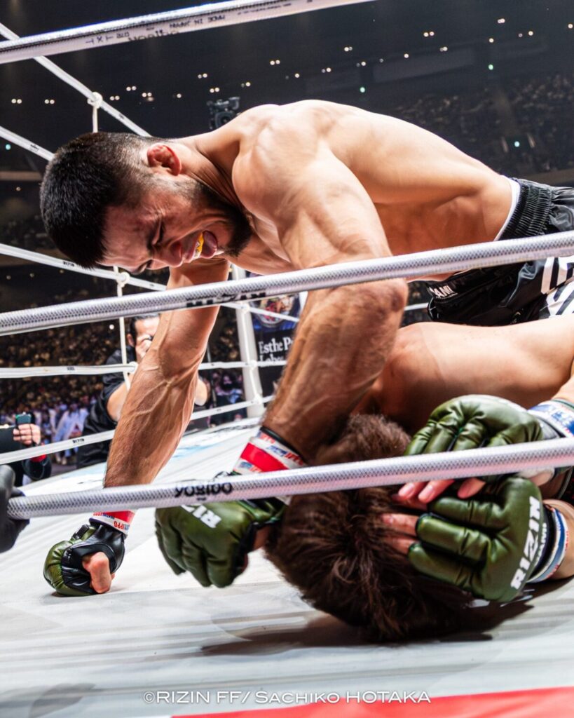 結果は、シェイドゥラエフ選手が1ラウンド2分54秒、バックマウントからの容赦ないグラウンド&パウンドによる“凄惨なTKO勝利”。王者は圧倒的な強さで2度目の防衛に成功し、プロキャリア通算**16戦16勝16フィニッシュ**という、パーフェクトレコードを維持しました。朝倉選手は、わずか3分足らずでタイトルへの夢を打ち砕かれることとなりました。
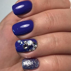 На длинных ногтях особенно красиво смотрится дизайн в синем цвете, где присутствует глиттер или цветные камни. Декор из страз разных размеров любой маникюр делает роскошным. Камни могут украшать только один ноготь, а могут декорировать все пальцы.
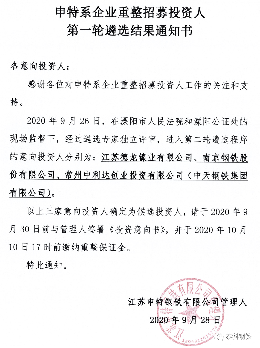 2020年9月26日,在溧陽市人民法院和溧陽公證處的現場監督下,經過遴選專家獨立評審,進入第二輪遴選程序的意向投資人分別為:江蘇德龍鎳業有限公司、南京鋼鐵股份有限公司、常州中利達創業投資有限公司(中天鋼鐵集團有限公司)。

-.-.-

** HOW TO COMPLETE THIS TASK **
Lines before the one containing "На длинных ногтях" are not wanted; repeat that line and the rest of the listing exactly, leaving out pictures.

** RESPONSE TO THIS TASK **
 На длинных ногтях особенно красиво смотрится дизайн в синем цвете, где присутствует глиттер или цветные камни. Декор из страз разных размеров любой маникюр делает роскошным. Камни могут украшать только один ноготь, а могут декорировать все пальцы.
 2020年9月26日,在溧陽市人民法院和溧陽公證處的現場監督下,經過遴選專家獨立評審,進入第二輪遴選程序的意向投資人分別為:江蘇德龍鎳業有限公司、南京鋼鐵股份有限公司、常州中利達創業投資有限公司(中天鋼鐵集團有限公司)。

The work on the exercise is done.